%%

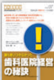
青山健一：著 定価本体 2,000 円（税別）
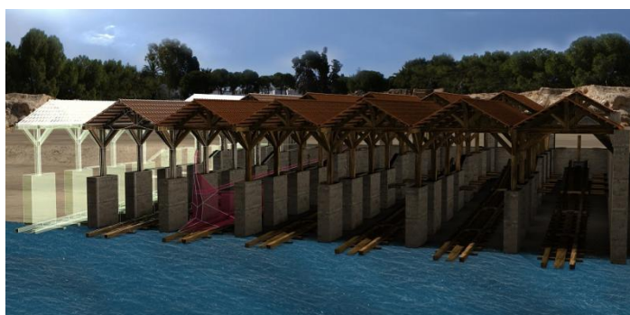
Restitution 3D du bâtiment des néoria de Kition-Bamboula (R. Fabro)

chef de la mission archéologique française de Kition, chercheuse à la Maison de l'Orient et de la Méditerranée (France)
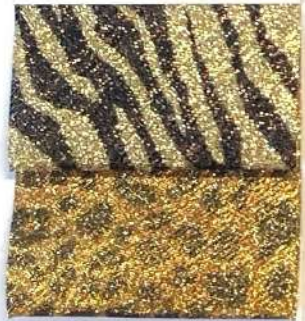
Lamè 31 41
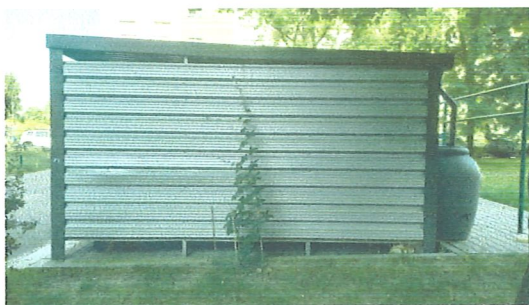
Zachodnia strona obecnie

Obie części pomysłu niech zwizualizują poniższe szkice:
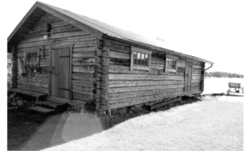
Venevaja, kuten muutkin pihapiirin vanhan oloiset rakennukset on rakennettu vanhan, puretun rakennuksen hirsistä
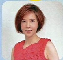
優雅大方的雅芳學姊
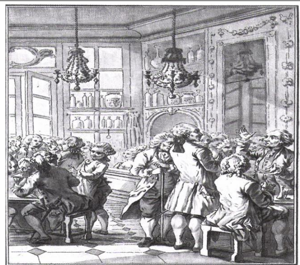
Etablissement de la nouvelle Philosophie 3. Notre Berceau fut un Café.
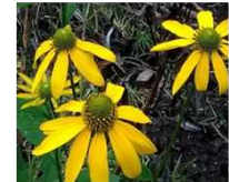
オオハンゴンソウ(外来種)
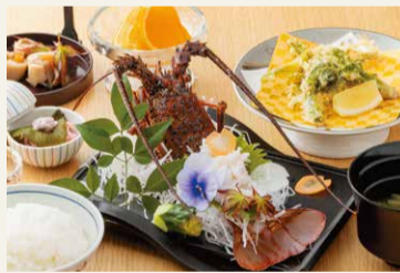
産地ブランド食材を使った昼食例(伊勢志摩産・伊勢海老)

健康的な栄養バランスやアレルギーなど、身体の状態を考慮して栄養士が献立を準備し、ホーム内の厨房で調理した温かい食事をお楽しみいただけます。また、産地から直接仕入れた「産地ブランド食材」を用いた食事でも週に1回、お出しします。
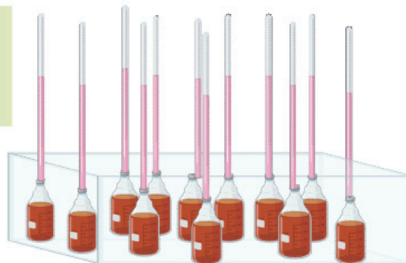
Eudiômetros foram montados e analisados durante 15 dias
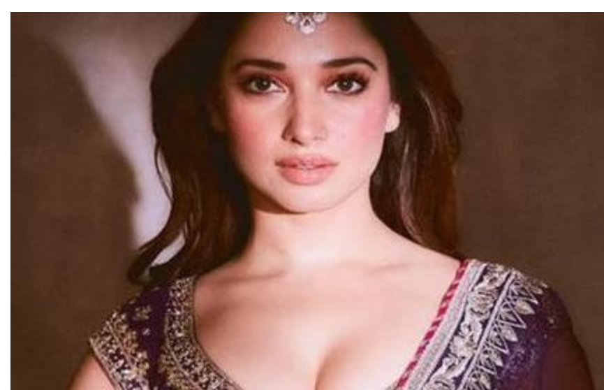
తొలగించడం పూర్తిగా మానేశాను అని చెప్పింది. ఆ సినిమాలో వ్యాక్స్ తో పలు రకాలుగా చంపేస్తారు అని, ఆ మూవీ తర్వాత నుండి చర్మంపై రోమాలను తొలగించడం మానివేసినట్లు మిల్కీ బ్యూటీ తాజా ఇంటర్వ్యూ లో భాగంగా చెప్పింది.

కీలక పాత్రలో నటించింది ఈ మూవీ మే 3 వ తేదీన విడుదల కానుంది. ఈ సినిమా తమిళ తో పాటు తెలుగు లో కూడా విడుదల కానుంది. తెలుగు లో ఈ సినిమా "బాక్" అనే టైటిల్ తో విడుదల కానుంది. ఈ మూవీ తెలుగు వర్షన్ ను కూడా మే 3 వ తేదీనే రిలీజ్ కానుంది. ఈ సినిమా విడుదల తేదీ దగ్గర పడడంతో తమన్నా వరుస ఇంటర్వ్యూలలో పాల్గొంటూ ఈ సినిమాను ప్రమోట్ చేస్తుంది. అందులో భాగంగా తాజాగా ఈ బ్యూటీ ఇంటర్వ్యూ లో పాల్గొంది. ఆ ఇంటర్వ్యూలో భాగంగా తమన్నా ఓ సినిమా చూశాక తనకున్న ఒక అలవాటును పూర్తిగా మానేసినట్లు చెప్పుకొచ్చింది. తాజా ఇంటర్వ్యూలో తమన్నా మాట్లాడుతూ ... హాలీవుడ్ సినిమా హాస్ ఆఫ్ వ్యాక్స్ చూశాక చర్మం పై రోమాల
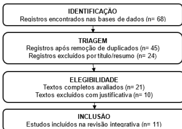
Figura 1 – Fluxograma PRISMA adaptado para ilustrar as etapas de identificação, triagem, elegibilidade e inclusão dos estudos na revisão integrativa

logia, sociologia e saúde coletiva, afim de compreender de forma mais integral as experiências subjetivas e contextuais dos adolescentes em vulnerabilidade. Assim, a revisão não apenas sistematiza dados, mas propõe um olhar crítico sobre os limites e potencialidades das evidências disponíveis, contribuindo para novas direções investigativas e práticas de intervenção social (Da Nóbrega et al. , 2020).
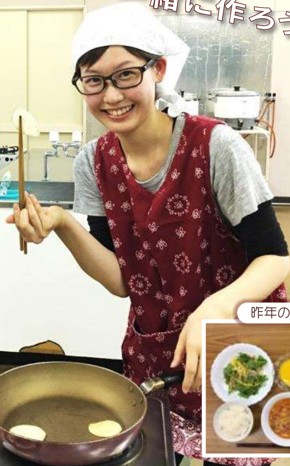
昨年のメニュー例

%%
%%

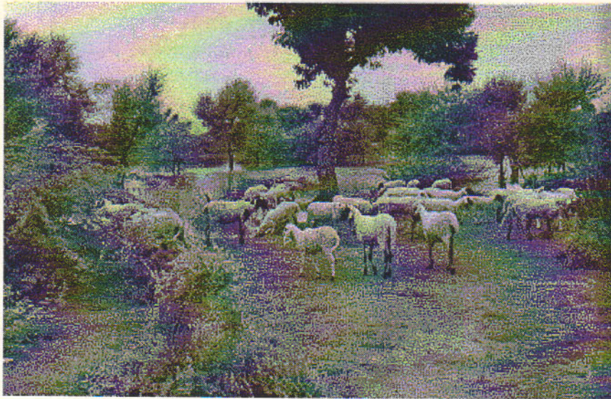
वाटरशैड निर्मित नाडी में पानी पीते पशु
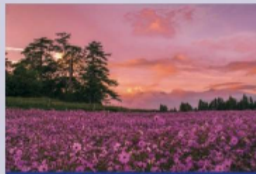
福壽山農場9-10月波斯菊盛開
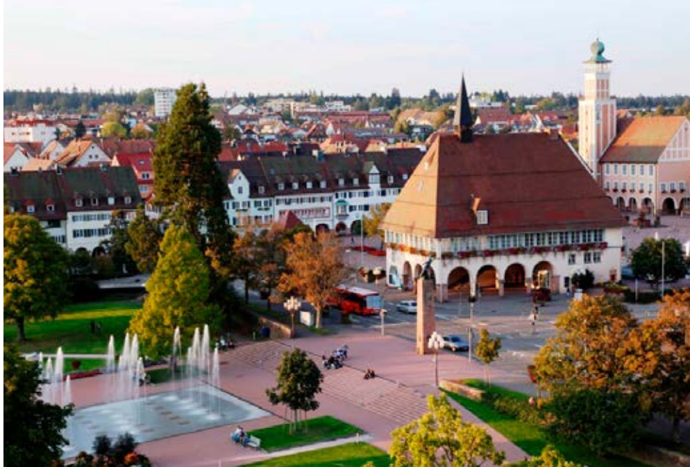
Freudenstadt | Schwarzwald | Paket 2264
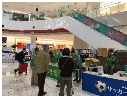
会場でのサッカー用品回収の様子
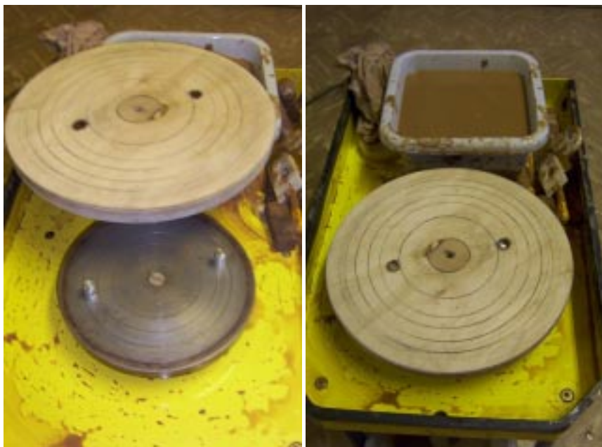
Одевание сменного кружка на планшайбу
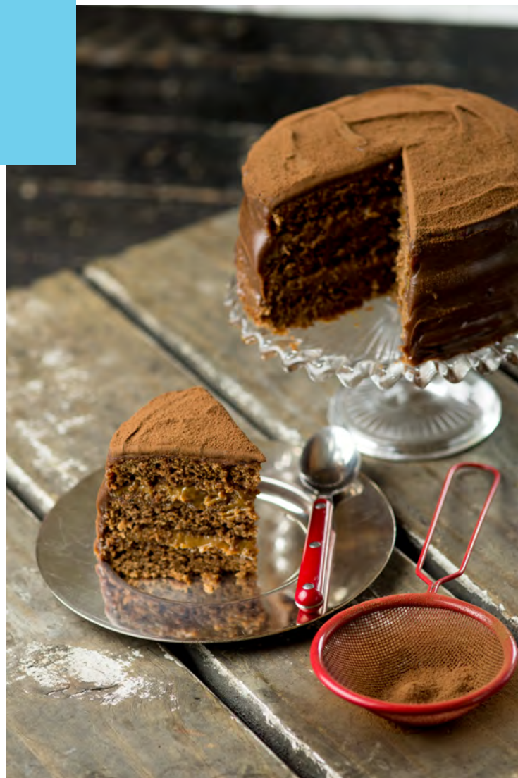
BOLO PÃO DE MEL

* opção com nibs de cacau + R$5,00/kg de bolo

%%

Exercise aim >>
Look above for the line with "वाटरशैड निर्मित नाडी में पानी पीते पशु"; quote it and every line after it, stopping after the line with "R$5,00/kg de bolo", exactly, with nothing added and without pictures.

Expected answer >>
वाटरशैड निर्मित नाडी में पानी पीते पशु
福壽山農場9-10月波斯菊盛開
Freudenstadt | Schwarzwald | Paket 2264
会場でのサッカー用品回収の様子
Одевание сменного кружка на планшайбу
BOLO PÃO DE MEL

* opção com nibs de cacau + R$5,00/kg de bolo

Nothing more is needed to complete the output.